WHAT THE TASK ASKS:
Copy the records below line by line and word for word, from the very first line through the line with "Record. | |||||", omitting each picture.
** Opening ENTRIES SUPPLIED block **
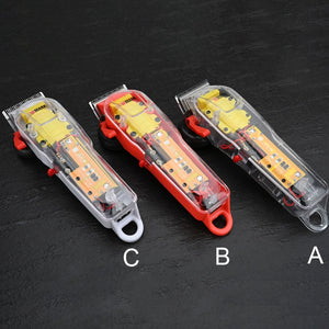 • Accessories: 4 guide combs(3/6/10/13mm),cleaning brush, USB cable and adapter. • Extra accessories: Hair comb, rubber ring,Stagger-teeth ceramic blade and 2 pcs guide comb(1.5/4.5mm).
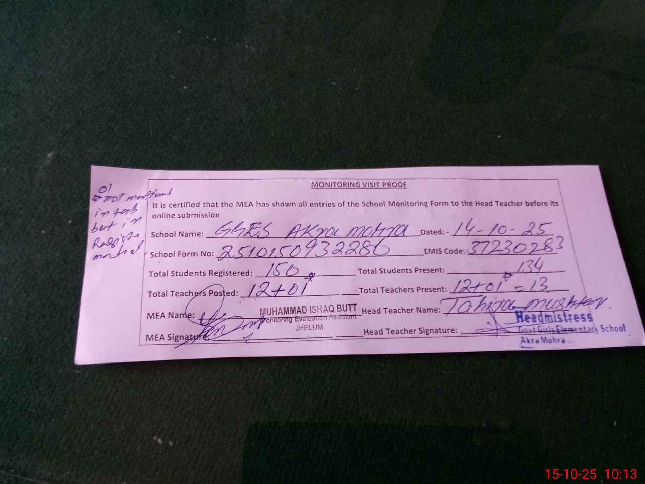 | Certified that this School was Inspected by the Undersigned MEA/DMO Today and the Information Stated Above is as Per Record. | |||||
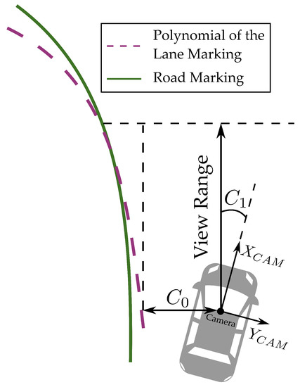 Camera recognition is mainly responsible for detecting road marking. For the current study, our test vehicle is equipped with a MOBILEYE camera series 630, which employs a third-degree polynomial to estimate detected lane markings. Thus, the stored output of the image processing unit is four coefficients for each detected lane marking, the polynomial function is presented in Equation (1).
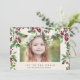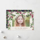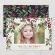 Överför helgdaghälsningar till vänner och familjen i chic stil med våra eleganta fotokort. Behagfulla sprigs av målad vattenfärglövverk och - röda bär inramar ditt foto, med din beställnings- hälsning (som visas med "glädje till världen") och ditt efternamn längs grunden i cranberry och mörk - grånar djupt bokstäver. Kort vänder om för att avslöja ett matcha botaniskt mönster för vinter.
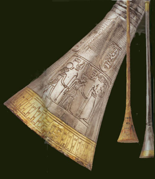 Mas há algo interessante na tumba de Tut. Ok, tudo lá é interessante, mas eu só vou falar de uma coisa: trombetas. Sim, tinha trombetas lá, mas não eram quaisquer trombetas; eram trombetas militares. As trombetas militares de Tutancâmon são um dos três exemplos conhecidos deste instrumento preservado do antigo Egito, e foram feitas de folhas de metal cobertas de ouro.
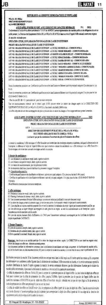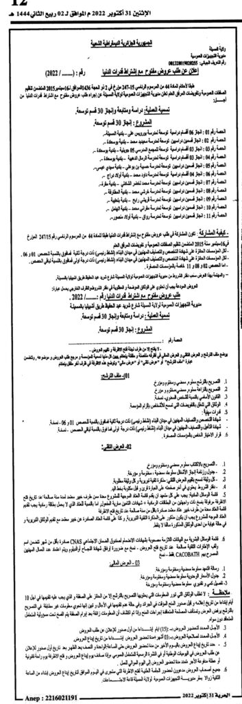 طلب عروض مفتوح مع اشتراط قدرات دنيا من أجل تسمية العملية: دراسة ومتابعة وإنجاز 30 قسم توسعة31 أكتوبر، 20220 9 شاركها فيسبوك X مشاركة عبر البريد طباعة
** Closing ENTRIES SUPPLIED block **
ANSWER SECTION:
 • Accessories: 4 guide combs(3/6/10/13mm),cleaning brush, USB cable and adapter. • Extra accessories: Hair comb, rubber ring,Stagger-teeth ceramic blade and 2 pcs guide comb(1.5/4.5mm).
 | Certified that this School was Inspected by the Undersigned MEA/DMO Today and the Information Stated Above is as Per Record. | |||||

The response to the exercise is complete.